Naturalmente a questa una domanda è impossibile rispondere. Essa lancia però una sfida giusta, che accetto senza pretendere di fornire un canone, che sarebbe comunque insoddisfacente alla luce delle tante facce di un Novecento segnato da una pluralità di eventi importanti. 

Quello che posso fare è piuttosto offrire una discussione ragionata di argomenti e quindi di titoli che sarebbe opportuno leggere, e far leggere, e non solo e non tanto agli studenti. L’idea è quella di fornire così un panorama di opere “importanti” nella speranza di aiutare i docenti a impostare degli approfondimenti di grande interesse o a ritagliare dei percorsi, anche modificabili nel tempo, che combinino sguardi e prospettive che sarebbe necessario avere tutti presenti, anche se so bene che ciò non è possibile nemmeno allo storico di mestiere.
Libri, mi si chiede, e di libri parlerò, ma non bisogna dimenticare che sul Novecento abbiamo per fortuna a disposizione, e spesso liberamente su youtube, anche bellissimi film, documentari di alto livello (penso per esempio alla serie sulla storia della guerra fredda preparata dalla CNN o a quella sulla American Experience della PBS, ma anche alle buone produzioni RAI del passato), materiali d’epoca di grande impatto visivo, fotografie e raccolte di documenti, anch’esse spesso consultabili online.


Una grandissima ricchezza, dunque, purtroppo “macchiata” in Italia dal fatto che essa è in buona parte non tradotta, un problema che si ripresenta anche nel caso dei libri: l’interesse dei lettori, degli intellettuali e anche degli storici italiani ha fatto sì che libri fondamentali su esperienze centrali del Novecento – cinesi, indiane, africane ecc. – non siano stati purtroppo pubblicati in italiano, con un danno grave agli orizzonti culturali del nostro paese e alla nostra capacità di leggere il mondo in cui viviamo.
Per fortuna i romanzi si traducono di più, e quindi nel campo della letteratura il danno è minore. Segnalerò inoltre lo stesso dei titoli di una mia lista ideale, anche quando essi non sono editi in Italia. Lo farò perché è importante capire che comprendere il Novecento restando in un’Europa al massimo allargata all’America settentrionale, e spesso privata della sua parte orientale, è davvero impossibile. L’Italia, l’Europa, e l’Occidente non vanno certo abbandonati, anche perché sono al centro della nostra storia e della nostra cultura, ma quello passato è stato anche il secolo della decolonizzazione, delle tragedie e poi dell’incredibile boom cinese, del fondamentalismo islamico come del “risveglio” (un termine naturalmente inadeguato) indiano e del mondo africano. Dimenticarlo rende se non ciechi certo molto miopi.

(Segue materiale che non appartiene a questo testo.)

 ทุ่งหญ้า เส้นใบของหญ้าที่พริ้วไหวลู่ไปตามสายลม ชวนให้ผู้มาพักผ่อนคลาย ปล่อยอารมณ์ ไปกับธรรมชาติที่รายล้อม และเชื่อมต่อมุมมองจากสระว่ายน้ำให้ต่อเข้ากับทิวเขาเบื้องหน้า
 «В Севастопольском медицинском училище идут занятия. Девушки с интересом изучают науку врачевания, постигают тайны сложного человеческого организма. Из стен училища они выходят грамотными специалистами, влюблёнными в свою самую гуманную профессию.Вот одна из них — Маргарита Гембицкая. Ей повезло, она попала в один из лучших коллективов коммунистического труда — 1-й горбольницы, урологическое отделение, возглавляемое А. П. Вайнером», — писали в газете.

Limitandosi ai libri penso sia utile seguire tre piste diverse, ancorché naturalmente intrecciate: quella delle autobiografie e delle memorie, che pur con qualche precauzione ci permettono di entrare direttamente in contatto col secolo così come esso fu vissuto da suoi protagonisti più o meno importanti; quella della letteratura, che è stata talvolta capace di illuminare un’epoca in modo più vivo e realistico di tanti libri di storia; e quella dei libri di storia veri e propri, che nei casi migliori forniscono impianti interpretativi che permettono di capire. Essi sono però talvolta porte di ingresso al passato più faticose delle prime due anche perché – e proprio nei casi migliori – più intellettualmente dense e alte.

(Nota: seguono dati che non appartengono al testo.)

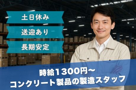 仕事内容 <注目ポイント!> ●時給1300円の高時給! ●月21万円以上も可! ●未経験からの挑戦OK! ●工場デビュー歓迎! ●フリーターOK! ●シンプルなモクモク作業! ●細かい作業が好きな方にオススメ! ●特別な資格や経験は一切不要! ●長期で安定した職場環境! ●土日休みでプライベートも充実! ●10~60代のスタッフ活躍中! ●ご自宅近くでの出張面接も可能です! <建設資材・コンクリート製品の製造> 大型施設やビルなどで使用される コンクリート製品の製造のお仕事です。 重たい物を持つ作業は一切ナシ! 作業は複数人体制で進められ、 チームで協力しながら進行します◎ 最初は ”コンクリートの気泡を潰す” カンタンな作業からお任せします♪ ▼業務内容▼ ●型枠の組み立て ●鉄筋の骨組みを型枠に設置 ●コンクリートの気泡を潰す など 資格や経験は不要! 難しい作業もありません。 未経験の方でも大歓迎◎ 先輩がしっかりサポートしてくれるので 長く安定して働ける環境です! 体を動かして働きたい方や、 黙々と作業をしたい方にオススメ! <しっかり働いて、しっかり休める好環境!> 勤務時間は7:30~17:00の実働8時間 休憩はしっかり90分確保! 体力的にも無理なく働ける環境です◎ 土日休みなので、 週末は家族や趣味の時間を楽しみながら リフレッシュできます♪ ワークライフバランスを大切にしたい方 にピッタリのお仕事です☆彡 ★===============★ !モクモク×簡単作業! !重い物を持つ作業はナシ! ★===============★ <幅広い世代の方が活躍中!> 工場デビュー歓迎! どなたでも安心してチャレンジできる お仕事です◎ 10代~50代・60代まで、幅広い世代が 活躍しており、新しい環境でも すぐに馴染める職場です! 初めての方でも安心して始められるよう 先輩スタッフが丁寧にお教えします♪ *…*…*…*…*…*…*…* 未経験でも一歩ずつ スキルアップできる職場! *…*…*…*…*…*…*…* <株式会社アネックスのポイント> [1]高時給&長期勤務案件が豊富! [2]安心の専属コーディネーター制! ┗派遣後も安心のフォロー体制が 整っています! [3]キャリアコンサルタント資格保持者が在籍! ┗お仕事のお悩みやキャリアアップ、どんな 仕事が自分にあっているかなどの相談を 承っています!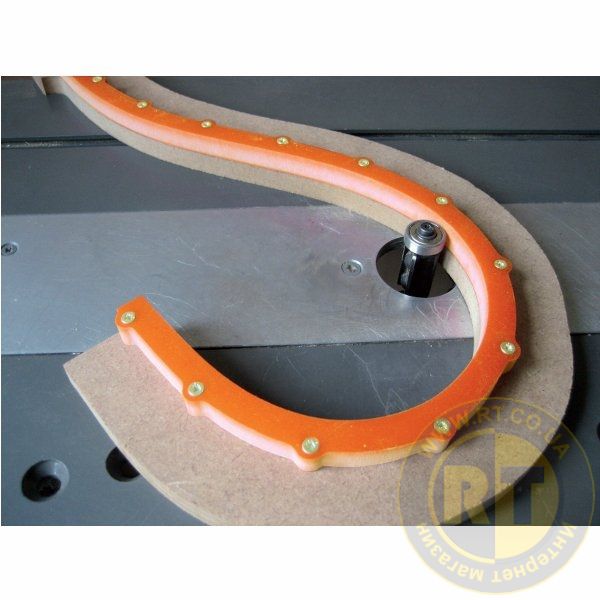 Гнучкий шаблон є надзвичайно практичним інструментом для швидкого виготовлення криволінійних елементів з MДФ або ДСП. Щоб його закріпити, достатньо лише кількох гвинтів 4x30 або 3x20 (залежно від типу шаблону). Виготовлений зі спеціального пластику, що забезпечує його міцність та пластичність навіть після частого згинання. Перевагами даного виробу є тривалий термін використання, легкість і простота встановлення, заощадження часу та витрат. Закріпіть шаблон на краю панелі, дотримуючись наміченої лінії фрезерування та враховуючи тип фрезерного інструмента, підшипника або копіювального кільця. Шаблони підходять для фрезерування ручними фрезерами, а також на верстатах з механічною подачею. Увага! При використанні фрезерних столів та верстатів будьте особливо обережні, тримайте руки за шаблоном для збереження безпечної відстані від робочого інструменту. Наш шаблон забезпечить легку, швидку та комфортну роботу.

Cominciando dalle autobiografie, si può entrare nel Novecento attraverso le memorie dello scrittore Stefan Zweig che ne Il mondo di ieri. Ricordi di un europeo (Mondadori) ci racconta l’Europa apparentemente sicura padrona del mondo dei decenni precedenti quella prima guerra mondiale con cui iniziò il suo suicidio. Sull’esperienza della guerra di trincea è ancora illuminante, specie per uno studente, Un anno sull’altipiano (Einaudi) di Emilio Lussu, mentre le Memorie di un rivoluzionario (e/o) di Victor Serge costituiscono una delle più avvincenti testimonianze sulle grandi speranze suscitate dal socialismo nella prima metà del secolo e sulle tragedie legate ai tentativi di realizzarlo.
Non è stato invece purtroppo tradotto in italiano The Education of a True Believer di Lev Kopelev, un giovane comunista costretto al ripensamento dalle terribili esperienze dello stalinismo, ma con Il mio paese. Ricordi autobiografici (Il Mulino) Dino Grandi, uno dei più importanti dirigenti del fascismo e poi uno degli organizzatori del voto che portò alla caduta di Mussolini nel luglio del 1943, ci porta dentro le passioni e le esperienze che spinsero un nazionalista italiano ad abbracciare nel primo dopoguerra la soluzione fascista e poi lentamente a elaborarne una critica. Il cavallo e la torre e Questo Novecento (Einaudi) di Vittorio Foa, che al fascismo si oppose e fu poi a lungo un leader del sindacato e del socialismo italiani, ci portano invece nel mondo vivo di una sinistra critica e attenta alle trasformazioni del mondo. Nelle tragedie legate alla costruzione del socialismo in Urss ci fanno entrare invece le memorie di Nikita Chruščëv (Kruscev ricorda, Sugar editore, ma occorrerebbe vedere l’edizione molto più ampia venuta alla luce dopo il 1991), tra le più interessanti e importanti dello scorso secolo.
La ricchissima memorialistica americana è purtroppo da noi poco conosciuta, ma se dovessi indicare un titolo eterodosso citerei l’autobiografia del grande regista greco-americano Elia Kazan, A Life, che ci porta nel mondo degli intellettuali americani di sinistra durante il New Deal, e poi dentro Hollywood e il grande cinema, ma sempre a diretto contatto con la politica. Kazan, direttore di film fondamentali, pur rimanendo uomo di sinistra scelse infatti di militare negli anni Cinquanta contro il comunismo e testimoniò, senza pentirsene, contro i suoi ex colleghi, da cui fu ostracizzato. In Italia purtroppo le autobiografie sono un genere più raro e di minor successo, ma alcune, anche se poco lette, ci aprono prospettive inedite sulla straordinaria storia del nostro miracolo economico e della sua crisi: penso per esempio alle Memorie, 1943-1970 di Mariano Rumor (Editrice veneta) sull’esperienza democristiana, o ai Cinquant’anni di vita italiana (Laterza) dell’ex governatore della Banca d’Italia Guido Carli, che della nostra vita economica occupò a lungo il centro.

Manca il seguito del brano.